The Lancia D25 was a sports racing car introduced by Lancia in 1954, and raced in the 1954 and 1955 seasons to improve on the already successful D24.

==Development history==
Between 1953 and early 1954, Lancia decided to upgrade the Lancia D24s with a new, more powerful engine to make them even more competitive. The engine was upgraded from the 3,284 cc D24 to the 3,749.69 cc D25. The Lancia D25 made its debut without much success on June 27, 1954, at the Grand Prix of Porto. The V6 produced 300 hp at 6.500 rpm, giving the car a top speed of 275 km/h. The Lancia D25 was very similar to the previous Lancia D24, the differences besides the engine also concerned the chassis, modifications made necessary to accommodate the new larger and more powerful engine, furthermore the suspensions were also improved and the wheelbase also changed: of the three cars initially assembled, two had an extended wheelbase (245 cm instead of 240) and one, on the contrary, a shortened wheelbase (230 cm).

The development plans for the car, initially planned by Lancia, were interrupted in the second part of 1954, mainly due to Lancia's growing financial difficulties.

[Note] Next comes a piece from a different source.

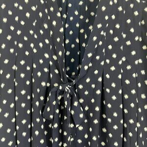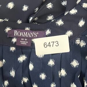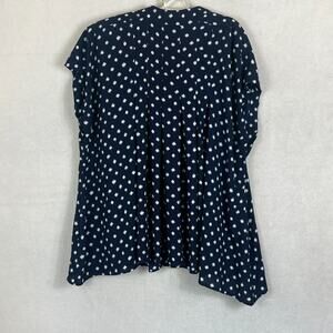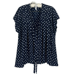 Roaman's Women's 18W Blue Polka Dot Tie Front Flutter Sleeve Blouse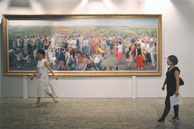 此次主題創作活動歷時一年多,收到了700余件作品。值得一提的是,參與畫家不僅有土生土長的北京人,也有來自外地的畫家。如巨幅油畫《景山放歌》的作者何紹教,他為了收集繪畫素材,多次從杭州來北京。在某天早上,他爬到景山公園眺望紫禁城全景時,看到晨起鍛煉的老人,唱合唱的婦女,拿相機的游客,瞬間產生了靈感,“這幾天我在北京見到的生動場面一下子就被串聯起來”,何紹教說,他回到杭州后立馬就根據內心感受作了一幅長卷。之后他又多次奔赴北京天壇公園、玉淵潭公園,獲取了豐富的人物素材,耗時半年多完成了這幅《景山放歌》。

The sales of Lancia Aurelia second series are proceeding slowly, while those of the more recent Lancia Appia are not reaching the expected numbers of sales, an obvious sign that the victories and performances of the Lancia D23 and Lancia D24 have not helped to increase the sales volumes of the production cars, and Gianni Lancia, already dealing with the issues related to the Lancia D50 Formula One car, begins to seriously consider the possibility of abandoning sports car racing and, as a first step in that direction, reduced the considerable investments that the development of the Lancia D25 seems to require. However, the Lancia D25 raced on September 11, 1954 at the RAC Tourist Trophy. Both Lancia D25 in the race are forced to retire. After the dispute of the Tourist Trophy, the development of the D25 comes to a stop: a week after the poor performances seen in the English race, a Lancia D25 is entrusted to Eugenio Castellotti to compete in the Bologna-Raticosa Hill Climb in Italy, a race later won. However, some believe that a Lancia D24 was used instead of the more powerful Lancia D25. The Eugenio Castellotti's #234 Lancia Spider was registered TO 158156. After that race won, the Lancia D25 is no longer used in racing by Lancia. On October 18, 1954, Lancia announced its withdrawal from motorsports to focus its now scarce financial resources exclusively on Formula One, in order to gain better international visibility and increase its poor sales. Despite Lancia's now well-known financial difficulties in 1955, Gianni Lancia was persuaded to build a Lancia D25 with a different bodywork – again by Pininfarina – featuring a lower and wider front grille, at the request of Alberto Ascari, who had wanted to participate in the Carrera Panamericana at the end of 1955. But Alberto Ascari's death on May 26, 1955 marked the inexorable and definitive end of the D25, which, almost complete, was somehow finished and immediately relegated to the Lancia Museum. Ascari's death marks the collapse of Gianni Lancia's certainties, who will first close all Lancia's motorsport racing and a year later, in June 1956, will leave forever the presidency of Lancia and will sell the Lancia company to Carlo Pesenti of Italcementi.